==== SUPPLIED ENTRIES
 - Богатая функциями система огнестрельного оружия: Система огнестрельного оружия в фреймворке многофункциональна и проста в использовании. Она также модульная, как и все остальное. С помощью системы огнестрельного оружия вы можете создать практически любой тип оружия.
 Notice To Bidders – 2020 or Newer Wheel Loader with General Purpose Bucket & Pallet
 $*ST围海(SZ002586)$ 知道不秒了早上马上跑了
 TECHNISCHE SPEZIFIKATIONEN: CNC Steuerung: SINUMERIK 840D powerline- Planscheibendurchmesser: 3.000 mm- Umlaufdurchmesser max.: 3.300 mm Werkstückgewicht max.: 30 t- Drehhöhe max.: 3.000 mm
========
==== SUPPLIED ENTRIES
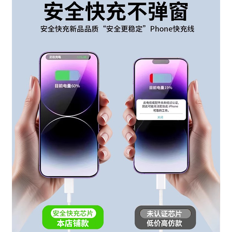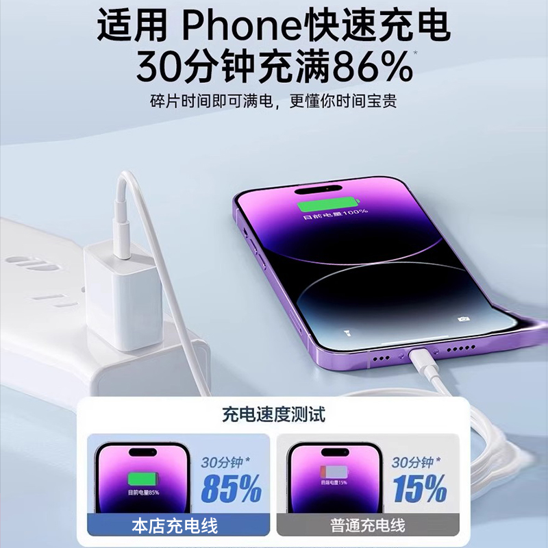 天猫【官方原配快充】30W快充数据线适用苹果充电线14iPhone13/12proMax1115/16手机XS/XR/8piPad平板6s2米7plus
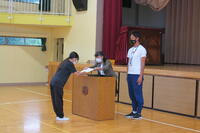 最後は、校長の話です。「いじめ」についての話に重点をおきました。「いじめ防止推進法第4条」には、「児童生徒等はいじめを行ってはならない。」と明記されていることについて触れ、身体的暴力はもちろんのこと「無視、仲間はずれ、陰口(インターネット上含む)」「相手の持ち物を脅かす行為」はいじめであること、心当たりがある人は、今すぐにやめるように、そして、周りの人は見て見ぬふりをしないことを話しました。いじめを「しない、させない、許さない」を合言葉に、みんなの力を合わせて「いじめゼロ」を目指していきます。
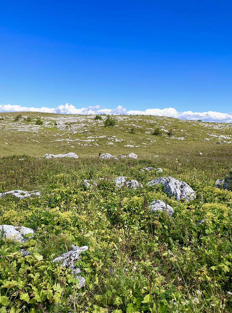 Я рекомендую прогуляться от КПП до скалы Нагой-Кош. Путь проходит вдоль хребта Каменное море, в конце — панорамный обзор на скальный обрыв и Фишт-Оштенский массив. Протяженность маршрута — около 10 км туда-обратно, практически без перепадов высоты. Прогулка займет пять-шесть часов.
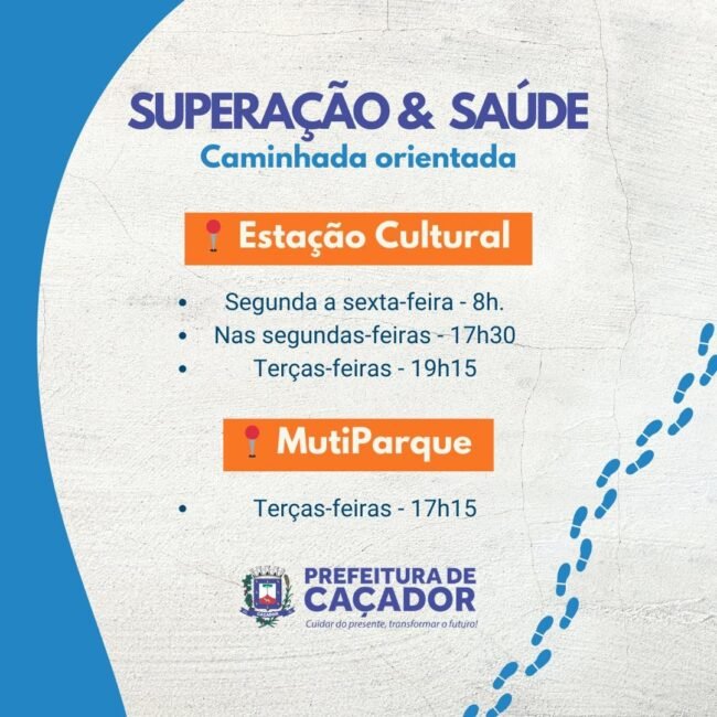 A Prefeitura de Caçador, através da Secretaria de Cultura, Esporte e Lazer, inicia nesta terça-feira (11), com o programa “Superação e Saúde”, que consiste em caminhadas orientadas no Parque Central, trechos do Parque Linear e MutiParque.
========
==== SUPPLIED ENTRIES
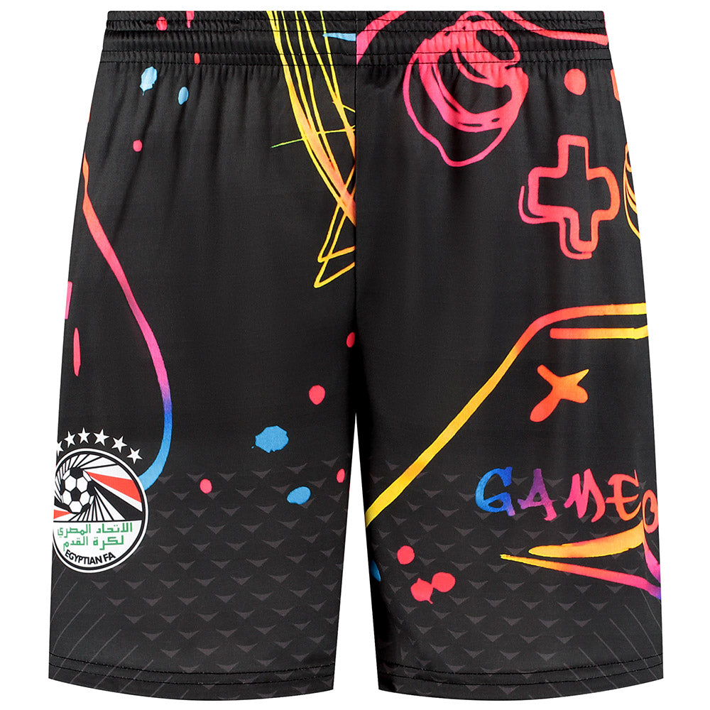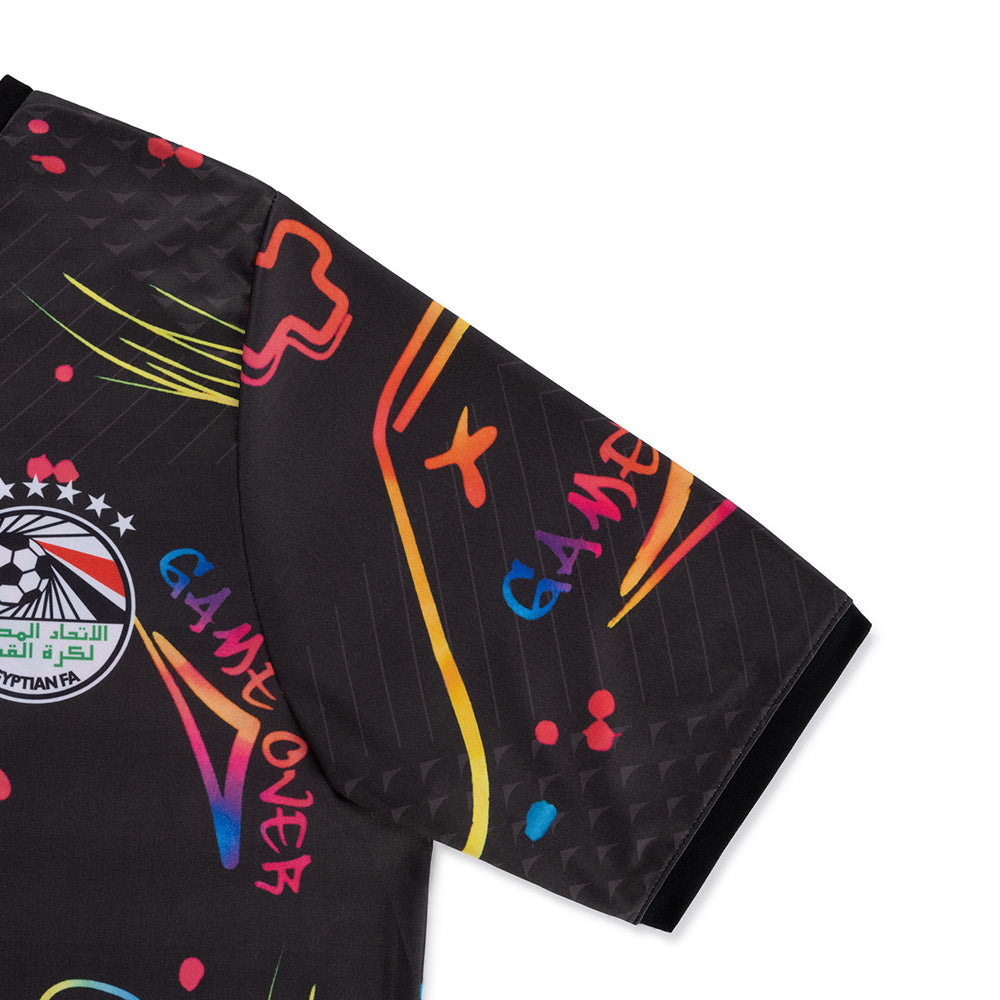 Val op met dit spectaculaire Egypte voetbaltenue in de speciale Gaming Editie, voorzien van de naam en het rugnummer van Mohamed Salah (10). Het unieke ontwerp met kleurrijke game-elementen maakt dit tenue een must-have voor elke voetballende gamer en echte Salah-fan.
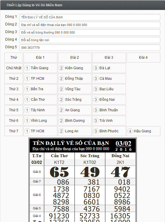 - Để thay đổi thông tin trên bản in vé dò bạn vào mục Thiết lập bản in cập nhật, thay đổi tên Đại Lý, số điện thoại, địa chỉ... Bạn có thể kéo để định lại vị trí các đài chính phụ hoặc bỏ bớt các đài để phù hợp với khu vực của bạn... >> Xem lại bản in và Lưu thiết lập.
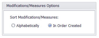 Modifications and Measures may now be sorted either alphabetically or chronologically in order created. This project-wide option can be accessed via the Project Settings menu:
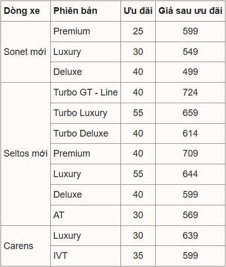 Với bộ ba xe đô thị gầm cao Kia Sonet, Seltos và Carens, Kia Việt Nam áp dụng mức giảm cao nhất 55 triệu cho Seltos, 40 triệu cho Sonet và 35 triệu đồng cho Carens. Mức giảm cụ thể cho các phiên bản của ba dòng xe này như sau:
========
Return exactly, and only, the lines above starting at the line that contains "- Богатая функциями" and ending at the line that contains "TECHNISCHE SPEZIFIKATIONEN: CNC".

ANSWER SECTION:
 - Богатая функциями система огнестрельного оружия: Система огнестрельного оружия в фреймворке многофункциональна и проста в использовании. Она также модульная, как и все остальное. С помощью системы огнестрельного оружия вы можете создать практически любой тип оружия.
 Notice To Bidders – 2020 or Newer Wheel Loader with General Purpose Bucket & Pallet
 $*ST围海(SZ002586)$ 知道不秒了早上马上跑了
 TECHNISCHE SPEZIFIKATIONEN: CNC Steuerung: SINUMERIK 840D powerline- Planscheibendurchmesser: 3.000 mm- Umlaufdurchmesser max.: 3.300 mm Werkstückgewicht max.: 30 t- Drehhöhe max.: 3.000 mm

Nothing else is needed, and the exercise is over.